_Work task_.
The expected answer is the set of lines in the data below between the line holding "En wienerstige i" and the line holding "Una de las actuaciones", inclusive, written out exactly.

_Data supplied_.
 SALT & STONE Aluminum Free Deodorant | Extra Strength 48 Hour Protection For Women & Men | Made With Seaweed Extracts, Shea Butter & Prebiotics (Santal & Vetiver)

---

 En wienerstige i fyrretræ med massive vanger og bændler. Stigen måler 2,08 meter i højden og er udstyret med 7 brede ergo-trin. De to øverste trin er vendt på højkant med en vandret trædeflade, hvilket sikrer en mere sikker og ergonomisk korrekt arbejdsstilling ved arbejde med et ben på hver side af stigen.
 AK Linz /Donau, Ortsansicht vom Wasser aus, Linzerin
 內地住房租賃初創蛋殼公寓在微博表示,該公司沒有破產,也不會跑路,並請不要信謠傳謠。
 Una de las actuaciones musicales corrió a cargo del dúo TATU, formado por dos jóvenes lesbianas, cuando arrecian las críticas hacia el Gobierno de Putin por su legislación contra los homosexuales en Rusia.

_Response to this exercise_.
 En wienerstige i fyrretræ med massive vanger og bændler. Stigen måler 2,08 meter i højden og er udstyret med 7 brede ergo-trin. De to øverste trin er vendt på højkant med en vandret trædeflade, hvilket sikrer en mere sikker og ergonomisk korrekt arbejdsstilling ved arbejde med et ben på hver side af stigen.
 AK Linz /Donau, Ortsansicht vom Wasser aus, Linzerin
 內地住房租賃初創蛋殼公寓在微博表示,該公司沒有破產,也不會跑路,並請不要信謠傳謠。
 Una de las actuaciones musicales corrió a cargo del dúo TATU, formado por dos jóvenes lesbianas, cuando arrecian las críticas hacia el Gobierno de Putin por su legislación contra los homosexuales en Rusia.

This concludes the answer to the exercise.